What is being asked:
Everything in the listing below needs restating exactly, apart from the pictures.

Material for this task:
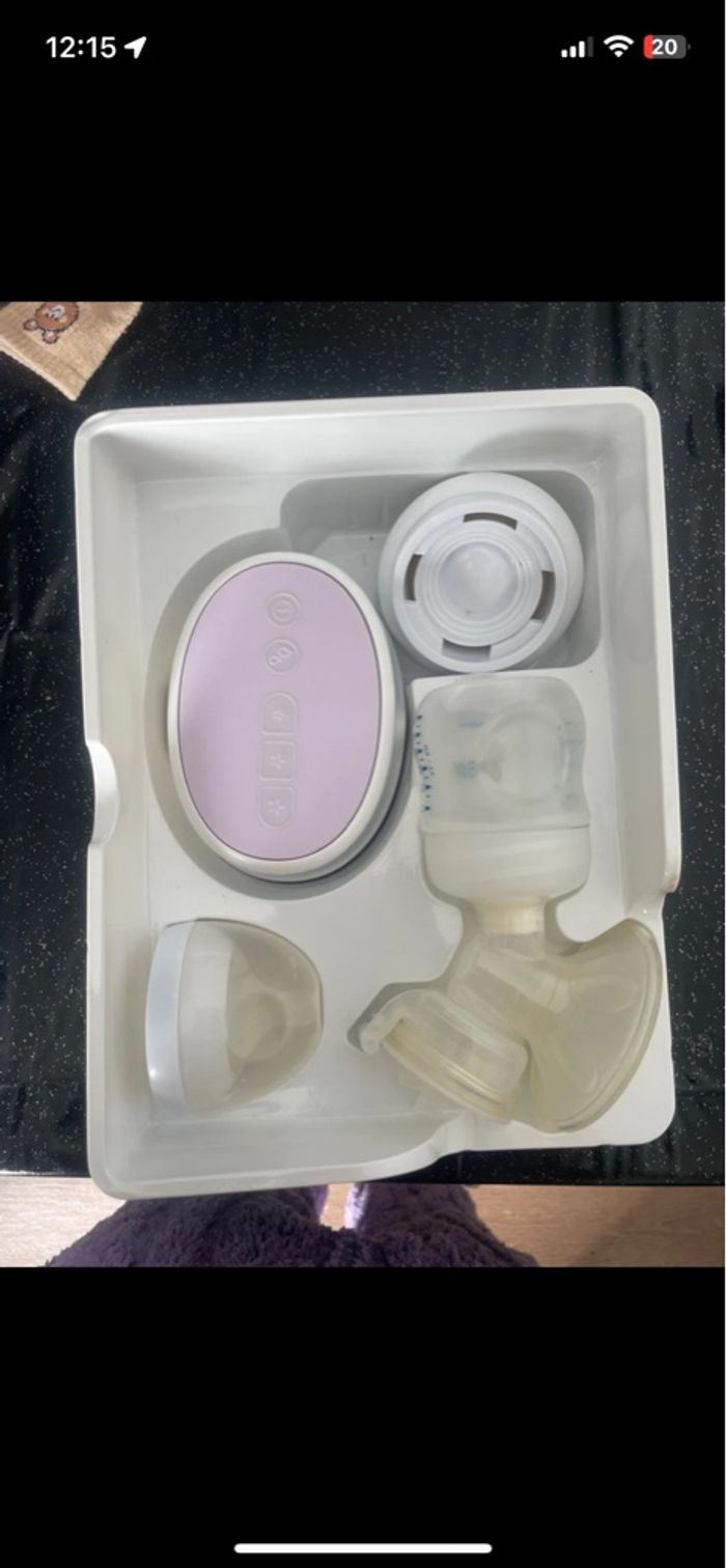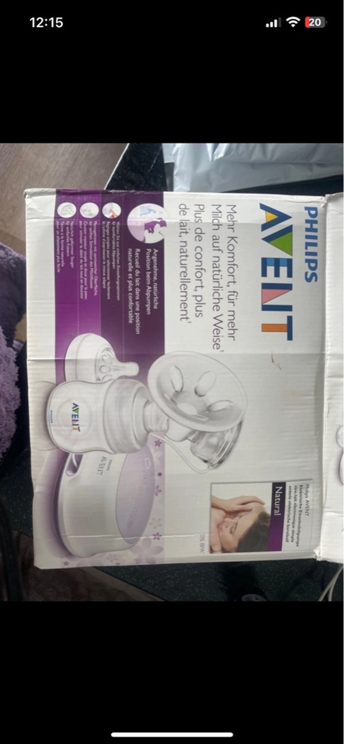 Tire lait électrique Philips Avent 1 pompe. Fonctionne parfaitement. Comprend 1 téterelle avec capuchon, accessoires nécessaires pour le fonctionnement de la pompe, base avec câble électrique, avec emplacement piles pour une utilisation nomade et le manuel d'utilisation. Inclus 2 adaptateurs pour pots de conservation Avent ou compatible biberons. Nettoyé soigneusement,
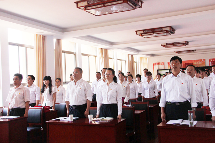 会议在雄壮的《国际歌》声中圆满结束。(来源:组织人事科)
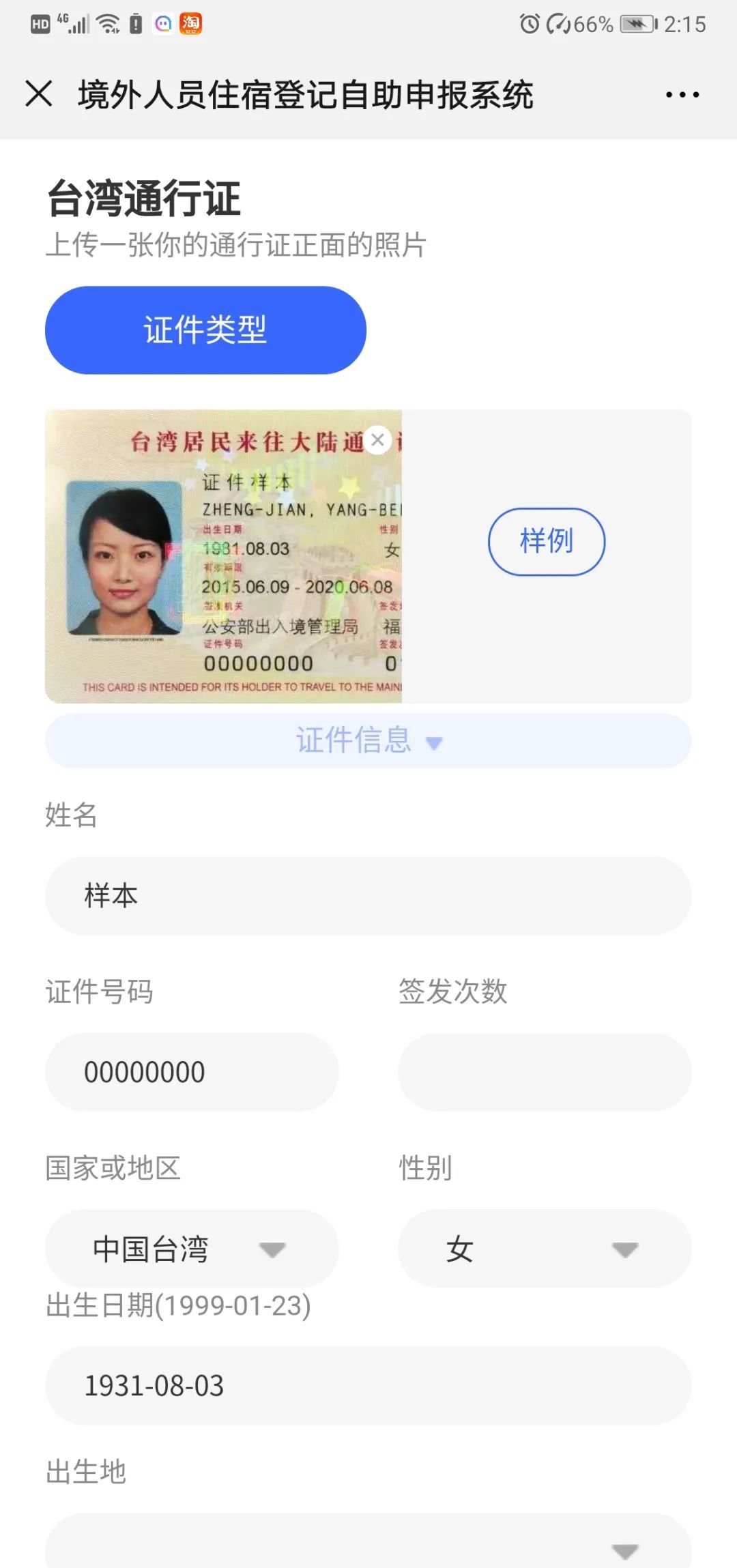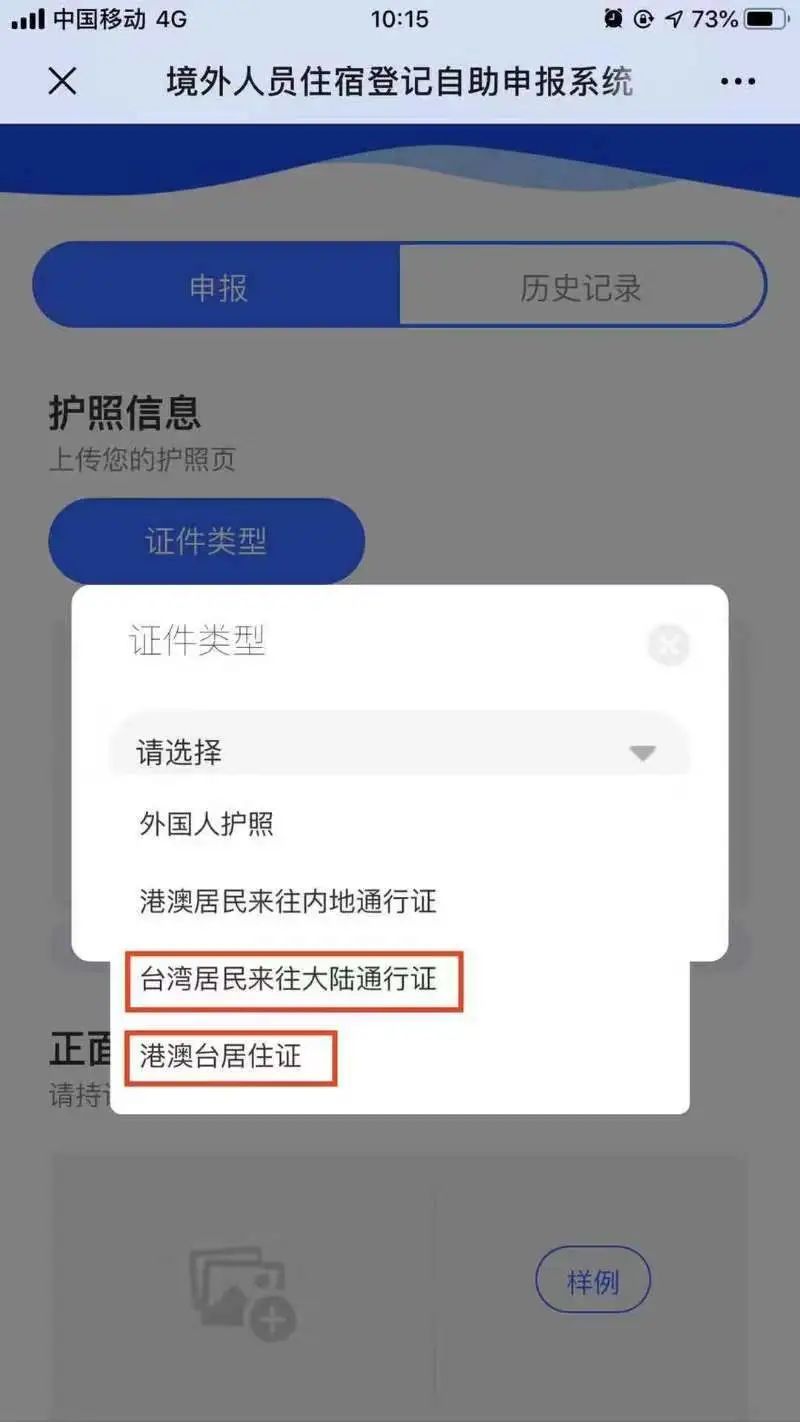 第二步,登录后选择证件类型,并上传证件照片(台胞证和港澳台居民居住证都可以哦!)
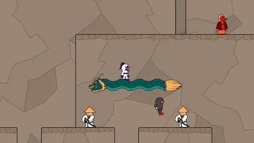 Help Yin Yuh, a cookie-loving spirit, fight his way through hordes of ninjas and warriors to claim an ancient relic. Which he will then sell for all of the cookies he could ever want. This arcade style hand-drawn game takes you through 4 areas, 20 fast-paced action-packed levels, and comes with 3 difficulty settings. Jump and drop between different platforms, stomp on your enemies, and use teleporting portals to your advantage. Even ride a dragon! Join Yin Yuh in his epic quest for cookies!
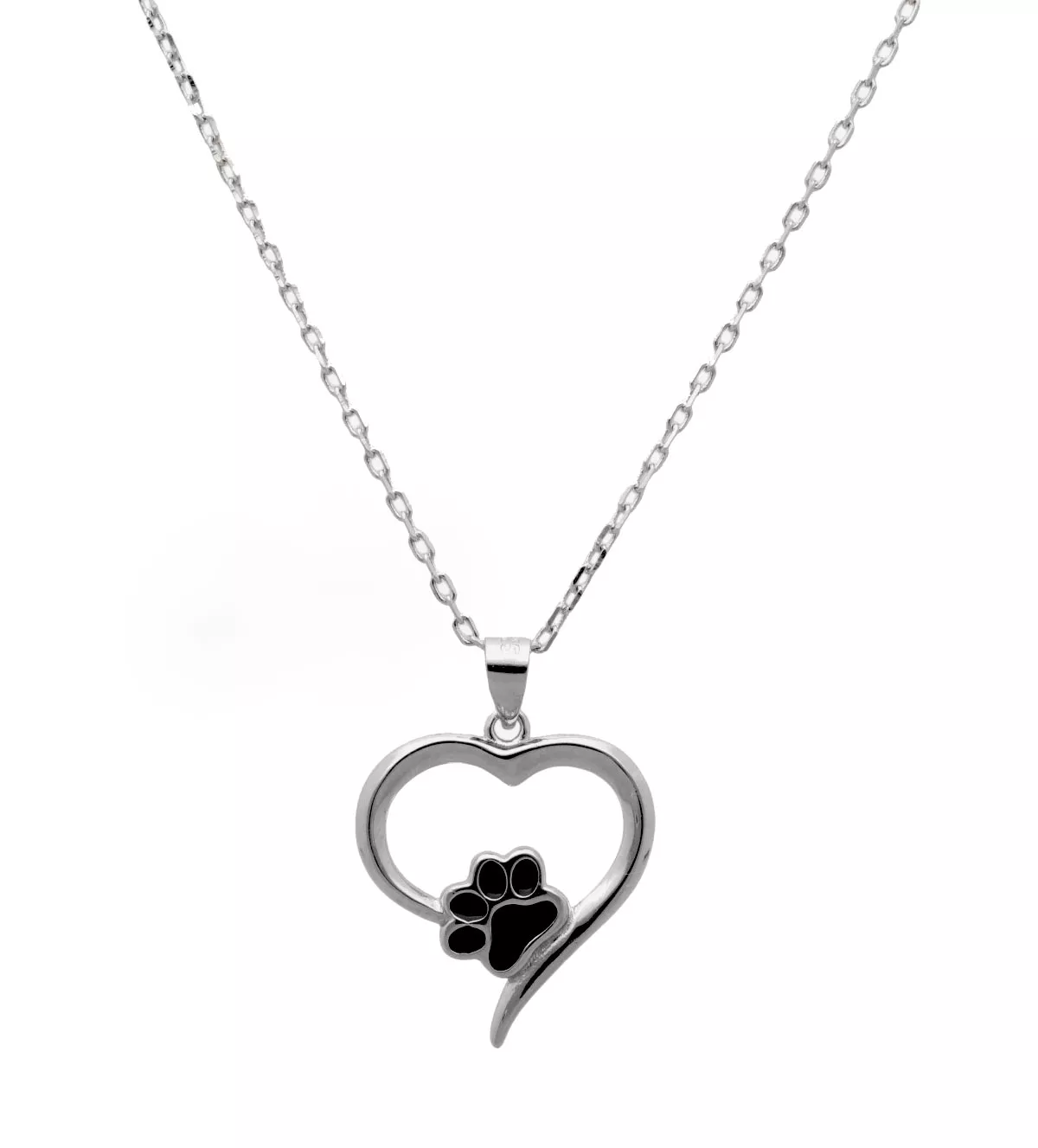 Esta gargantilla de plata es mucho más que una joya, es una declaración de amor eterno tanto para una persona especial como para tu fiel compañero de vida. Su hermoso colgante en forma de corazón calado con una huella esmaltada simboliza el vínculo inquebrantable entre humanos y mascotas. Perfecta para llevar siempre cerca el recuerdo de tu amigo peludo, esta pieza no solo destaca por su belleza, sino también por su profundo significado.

Exercise solution:
 Tire lait électrique Philips Avent 1 pompe. Fonctionne parfaitement. Comprend 1 téterelle avec capuchon, accessoires nécessaires pour le fonctionnement de la pompe, base avec câble électrique, avec emplacement piles pour une utilisation nomade et le manuel d'utilisation. Inclus 2 adaptateurs pour pots de conservation Avent ou compatible biberons. Nettoyé soigneusement,
 会议在雄壮的《国际歌》声中圆满结束。(来源:组织人事科)
 第二步,登录后选择证件类型,并上传证件照片(台胞证和港澳台居民居住证都可以哦!)
 Help Yin Yuh, a cookie-loving spirit, fight his way through hordes of ninjas and warriors to claim an ancient relic. Which he will then sell for all of the cookies he could ever want. This arcade style hand-drawn game takes you through 4 areas, 20 fast-paced action-packed levels, and comes with 3 difficulty settings. Jump and drop between different platforms, stomp on your enemies, and use teleporting portals to your advantage. Even ride a dragon! Join Yin Yuh in his epic quest for cookies!
 Esta gargantilla de plata es mucho más que una joya, es una declaración de amor eterno tanto para una persona especial como para tu fiel compañero de vida. Su hermoso colgante en forma de corazón calado con una huella esmaltada simboliza el vínculo inquebrantable entre humanos y mascotas. Perfecta para llevar siempre cerca el recuerdo de tu amigo peludo, esta pieza no solo destaca por su belleza, sino también por su profundo significado.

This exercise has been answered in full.